> _Source records_
◆ ◆ ◆
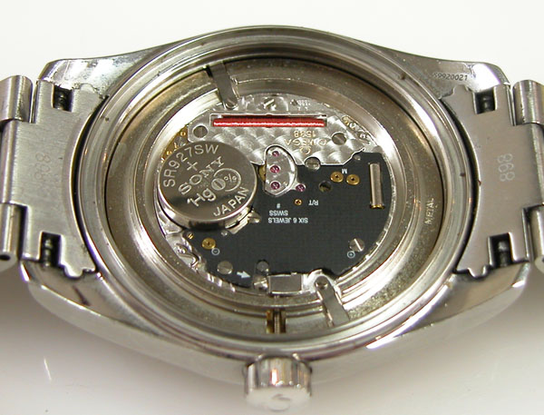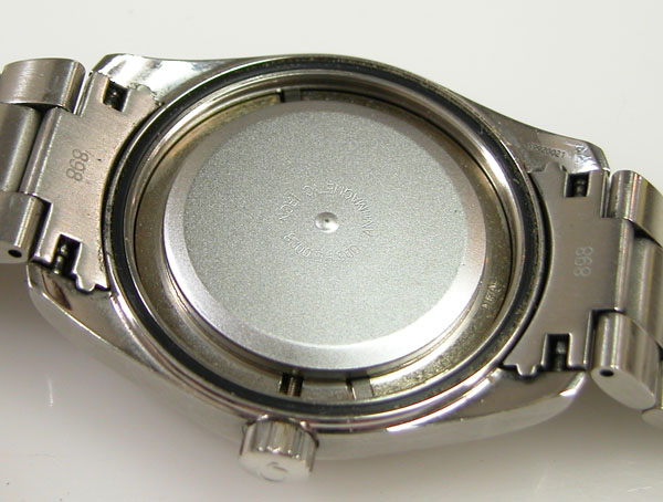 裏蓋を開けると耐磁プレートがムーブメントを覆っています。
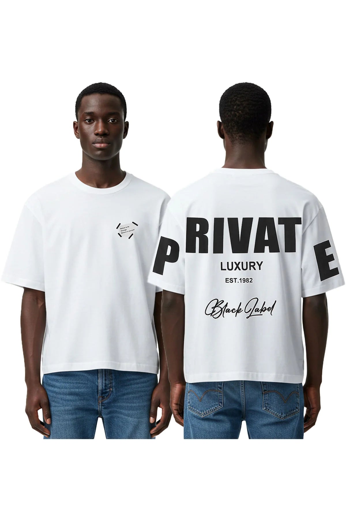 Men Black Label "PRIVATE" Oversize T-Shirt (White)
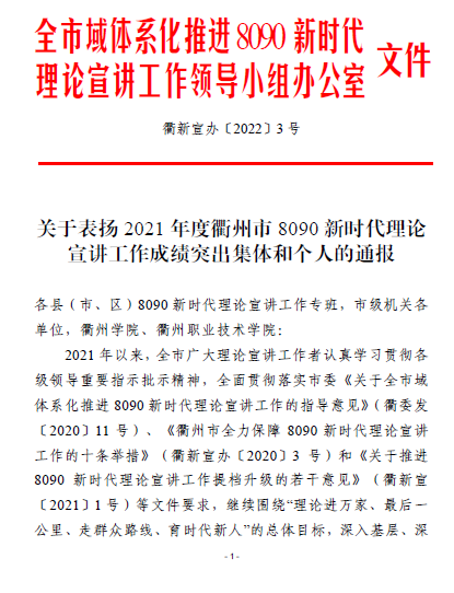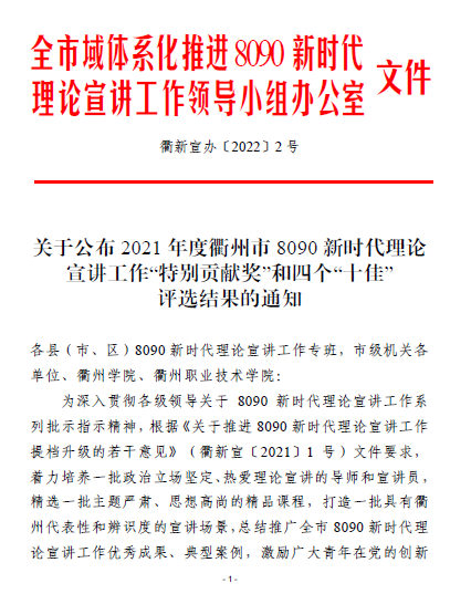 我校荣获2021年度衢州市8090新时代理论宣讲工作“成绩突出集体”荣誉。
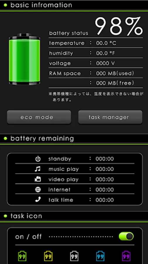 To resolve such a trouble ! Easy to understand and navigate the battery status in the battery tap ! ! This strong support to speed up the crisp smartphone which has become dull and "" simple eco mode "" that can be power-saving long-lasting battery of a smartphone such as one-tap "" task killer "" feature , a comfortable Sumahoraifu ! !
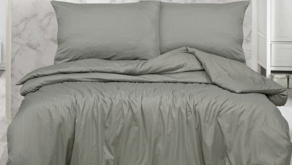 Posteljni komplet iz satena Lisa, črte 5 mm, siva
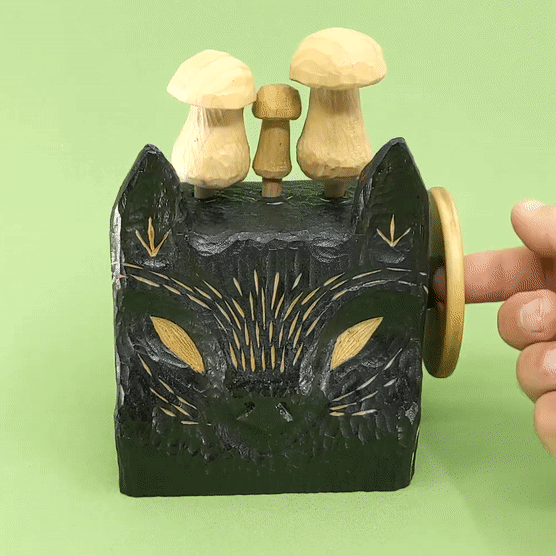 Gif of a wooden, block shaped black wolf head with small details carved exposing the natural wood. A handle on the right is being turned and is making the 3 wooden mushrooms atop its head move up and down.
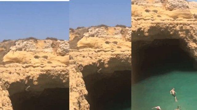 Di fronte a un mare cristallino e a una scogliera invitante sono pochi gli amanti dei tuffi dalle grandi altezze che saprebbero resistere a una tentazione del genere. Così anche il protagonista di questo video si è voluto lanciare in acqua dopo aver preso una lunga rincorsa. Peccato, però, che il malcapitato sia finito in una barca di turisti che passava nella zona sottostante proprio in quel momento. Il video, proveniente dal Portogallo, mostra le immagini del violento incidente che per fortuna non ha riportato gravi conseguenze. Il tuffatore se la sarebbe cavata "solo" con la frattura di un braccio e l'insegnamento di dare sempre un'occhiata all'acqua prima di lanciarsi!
◆ ◆ ◆
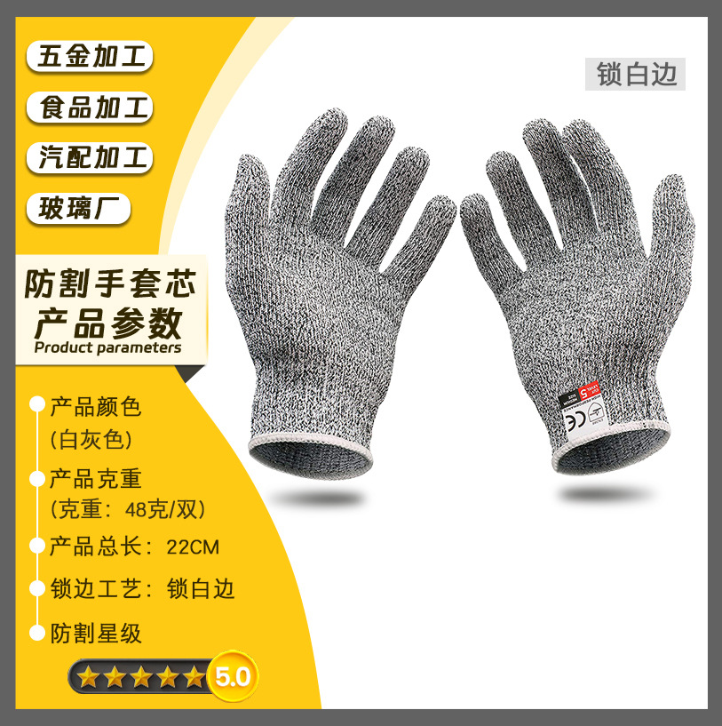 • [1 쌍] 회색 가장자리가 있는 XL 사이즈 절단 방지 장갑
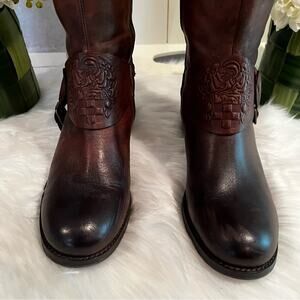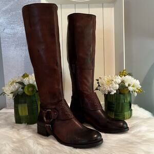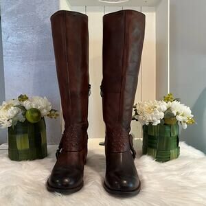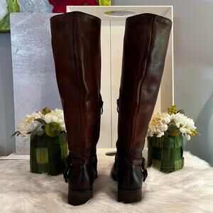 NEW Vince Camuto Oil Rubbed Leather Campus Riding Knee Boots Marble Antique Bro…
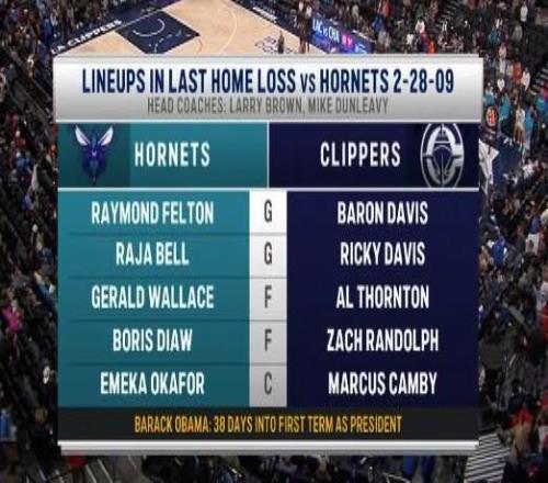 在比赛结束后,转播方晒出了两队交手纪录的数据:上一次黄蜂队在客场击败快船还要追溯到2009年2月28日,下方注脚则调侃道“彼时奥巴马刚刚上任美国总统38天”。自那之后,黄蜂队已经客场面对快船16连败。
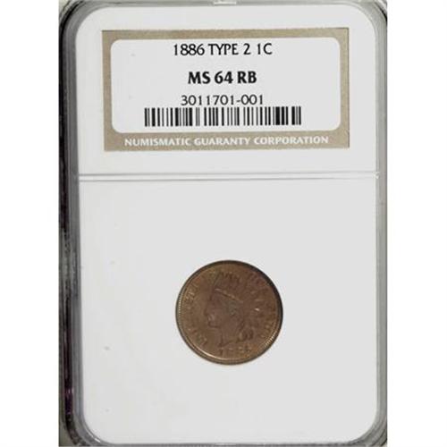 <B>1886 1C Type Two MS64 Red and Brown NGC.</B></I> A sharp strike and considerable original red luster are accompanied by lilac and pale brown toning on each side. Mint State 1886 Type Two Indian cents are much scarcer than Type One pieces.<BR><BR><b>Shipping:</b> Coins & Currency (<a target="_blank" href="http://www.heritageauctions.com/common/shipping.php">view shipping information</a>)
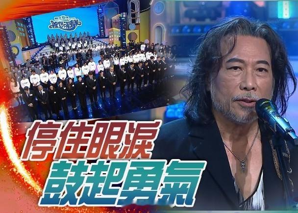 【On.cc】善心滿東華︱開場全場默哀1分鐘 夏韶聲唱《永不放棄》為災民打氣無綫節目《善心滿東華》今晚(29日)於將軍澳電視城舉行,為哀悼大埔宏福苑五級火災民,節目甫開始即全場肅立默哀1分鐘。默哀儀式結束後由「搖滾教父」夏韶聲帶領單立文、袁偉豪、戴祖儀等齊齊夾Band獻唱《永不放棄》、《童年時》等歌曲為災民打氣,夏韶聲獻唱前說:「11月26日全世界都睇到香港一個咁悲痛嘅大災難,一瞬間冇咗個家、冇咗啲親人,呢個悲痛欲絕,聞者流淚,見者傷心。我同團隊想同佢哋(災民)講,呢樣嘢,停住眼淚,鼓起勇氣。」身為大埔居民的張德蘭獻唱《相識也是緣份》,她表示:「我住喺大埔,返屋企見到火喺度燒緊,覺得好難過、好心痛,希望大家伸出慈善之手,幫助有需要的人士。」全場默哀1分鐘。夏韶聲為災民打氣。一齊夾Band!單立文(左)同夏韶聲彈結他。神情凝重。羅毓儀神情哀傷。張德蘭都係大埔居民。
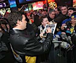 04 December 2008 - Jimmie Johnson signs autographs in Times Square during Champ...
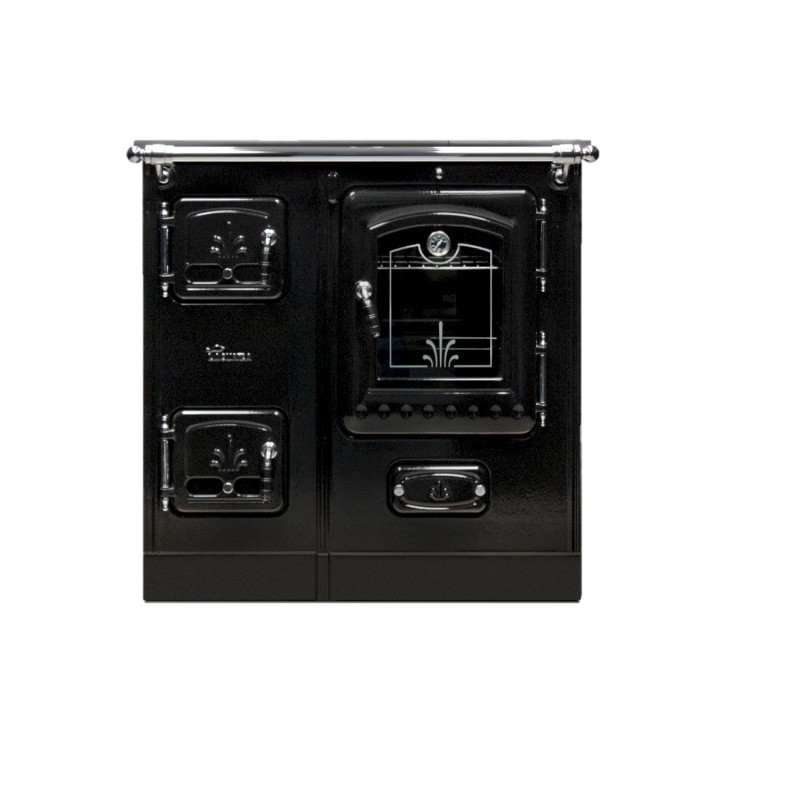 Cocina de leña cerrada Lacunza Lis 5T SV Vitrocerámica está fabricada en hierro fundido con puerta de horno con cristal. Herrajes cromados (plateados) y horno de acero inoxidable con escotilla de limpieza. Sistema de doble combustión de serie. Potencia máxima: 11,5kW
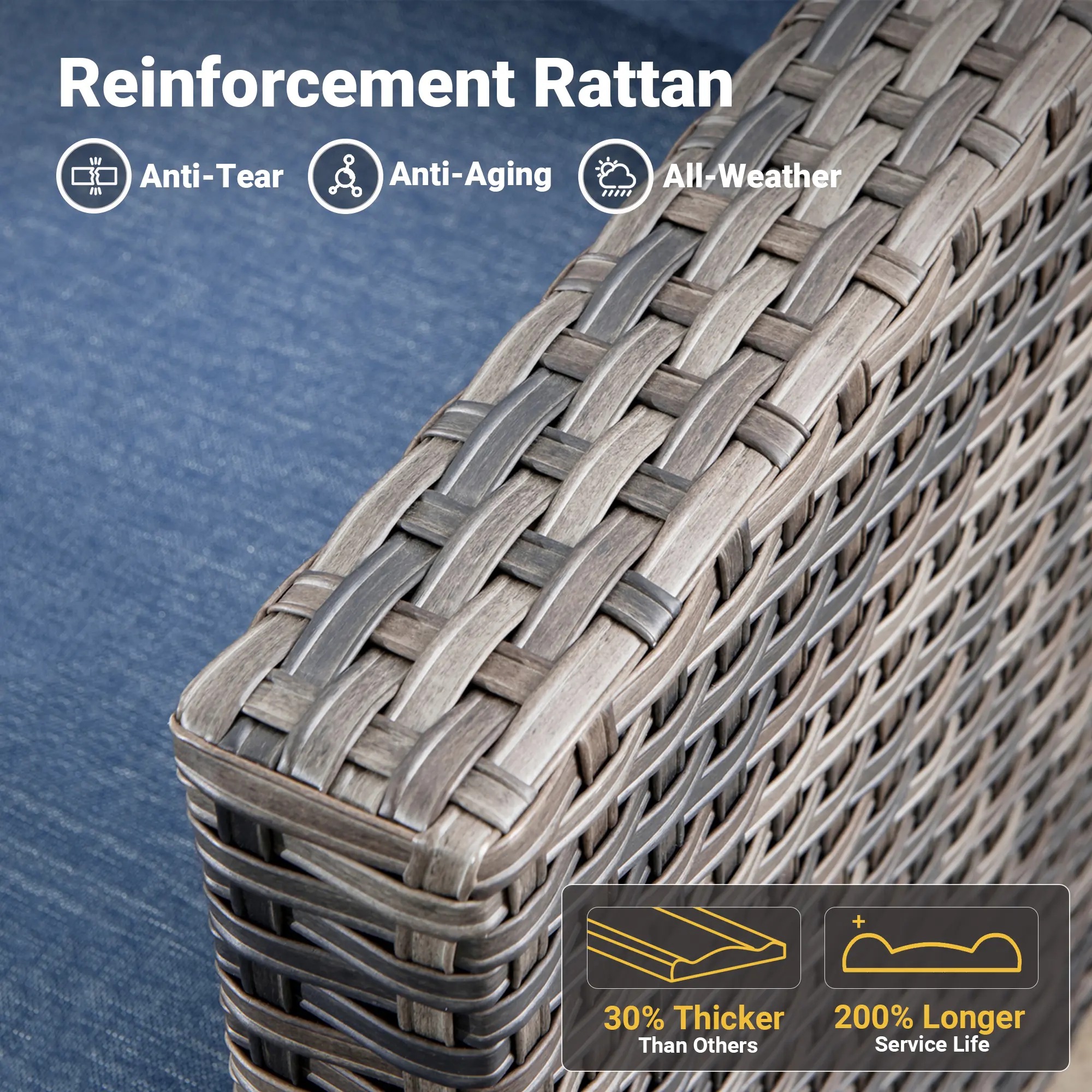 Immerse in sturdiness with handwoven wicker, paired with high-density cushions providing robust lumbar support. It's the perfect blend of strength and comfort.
◆ ◆ ◆
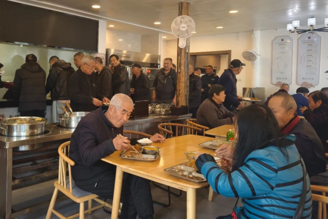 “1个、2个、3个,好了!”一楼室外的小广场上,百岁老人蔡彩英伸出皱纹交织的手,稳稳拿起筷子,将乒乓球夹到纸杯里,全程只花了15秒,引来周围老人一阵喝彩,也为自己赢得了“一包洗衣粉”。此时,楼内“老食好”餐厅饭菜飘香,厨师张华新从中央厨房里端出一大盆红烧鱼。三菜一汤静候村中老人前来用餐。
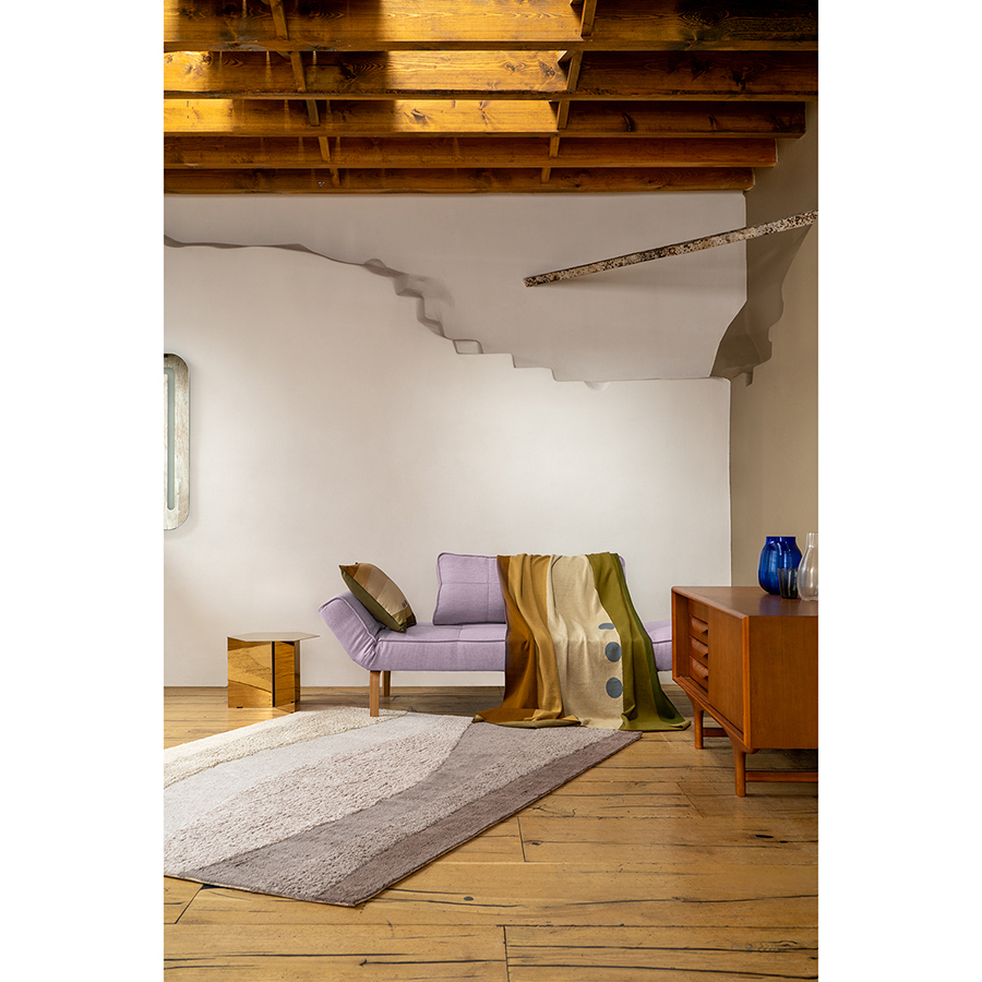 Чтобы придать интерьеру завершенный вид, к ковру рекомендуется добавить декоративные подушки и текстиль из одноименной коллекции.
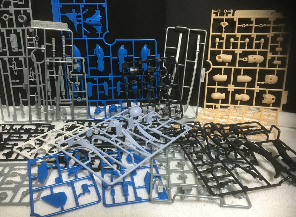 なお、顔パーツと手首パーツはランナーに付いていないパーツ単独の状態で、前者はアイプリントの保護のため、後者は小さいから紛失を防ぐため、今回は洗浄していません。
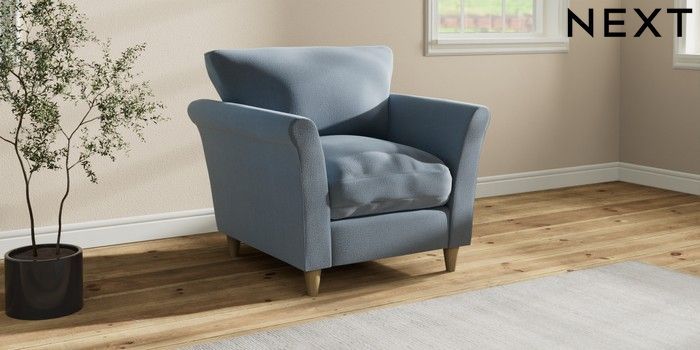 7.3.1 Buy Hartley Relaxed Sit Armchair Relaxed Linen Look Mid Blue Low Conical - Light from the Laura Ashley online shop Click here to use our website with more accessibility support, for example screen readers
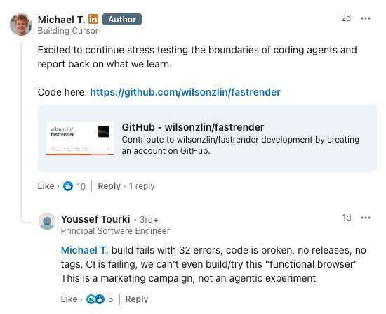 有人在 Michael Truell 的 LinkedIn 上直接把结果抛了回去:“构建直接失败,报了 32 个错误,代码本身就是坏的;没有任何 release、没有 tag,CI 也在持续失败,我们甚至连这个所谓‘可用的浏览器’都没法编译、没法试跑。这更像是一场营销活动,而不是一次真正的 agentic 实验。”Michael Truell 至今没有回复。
◆ ◆ ◆
> _EXERCISE DETAILS_
Leave out every picture, and copy exactly the lines above starting at the one holding "なお、顔パーツと手首パーツは" and ending at the one holding "7.3.1 Buy Hartley", no more and no less.

> _EXERCISE RESULT_
 なお、顔パーツと手首パーツはランナーに付いていないパーツ単独の状態で、前者はアイプリントの保護のため、後者は小さいから紛失を防ぐため、今回は洗浄していません。
 7.3.1 Buy Hartley Relaxed Sit Armchair Relaxed Linen Look Mid Blue Low Conical - Light from the Laura Ashley online shop Click here to use our website with more accessibility support, for example screen readers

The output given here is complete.